Last year I got accepted in a full time informatics MSc. During that period I also had a fulltime job as a software developer in a startup and I was trying to make some publications with my thesis supervisor from my BSc. However all these simultaneous activities had a very negative impact on me, since I had no free time and I slept very little time every day for an extended period of time. Things became worse when a close relative of mine died.

As a result I decided to quit my job and although we managed to publish some papers with my supervisor I decided to end my collaboration with him as well (although it was very fruitful) .

The aforementioned situations also had a great negative impact in my studies and as a result I passed only 2 out of 5 courses in the first semester.

My studies are really important to me as I want to pursue a PhD. Therefore i decided to fully focus on the MSc and improve my grades. So, during last summer I managed to pass almost every course I had failed before, with high grades.

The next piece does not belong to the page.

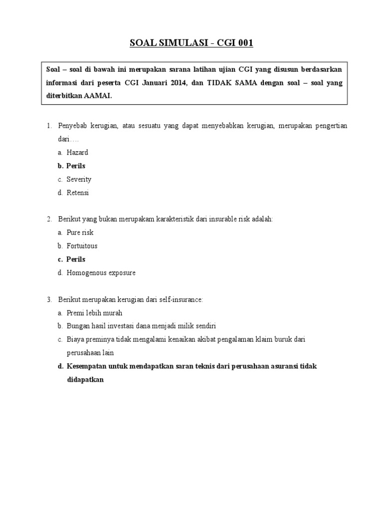 Pada soal ujian mencantumkan petunjuk atau tata cara menjawab pertanyaan Contoh soal dan jawaban hukum asuransi. Prinsip asuransi (001), yang diselenggarakan pada tanggal 16 maret 2. September 2013 disusun untuk ujian cgi sebagai syarat mengikuti serti kasi pro siensi lspp aamai 2014 disusun oleh:

Recently my BSc thesis supervisor called me offering a job in a research program. This job interests me a lot since:

  • I would really like to work with him again since we had a great collaboration...
  • there is a high chance of publishing again...
  • I would also earn some money...

However: I am afraid that this may impact negatively once again:

  • my studies (despite being close to the completion of the MSc)
  • my grades (and as a result this could possibly affect getting accepted in a PhD)

I am afraid that if I refuse the offer, he may deny future collaboration.

What is your advice about this ? Should I accept the job or would that possibly be a bad idea ?

1 Answer 1


It's clear that you are reluctant to take on full-time employment after your recent experiences, and understandably so. However, this does not mean that you can't take on part-time work to help pay the bills. This is a fairly common phenomenon for master's students, particularly in countries where the master's degree is considered an "undergraduate" degree (such as in Europe). Exactly how much is up to you—you probably know how much time you could spend on external work without compromising your desired work-life balance.

If your bachelor's advisor is understanding and supportive of you, then he would likely be willing to let you work part-time on his project while you finish your studies. If he isn't willing to do so, then that might be a sign that he's not someone you should have as a long-term advisor. (A good research advisor and mentor will want what is best for both of you, not just what is best for the advisor!)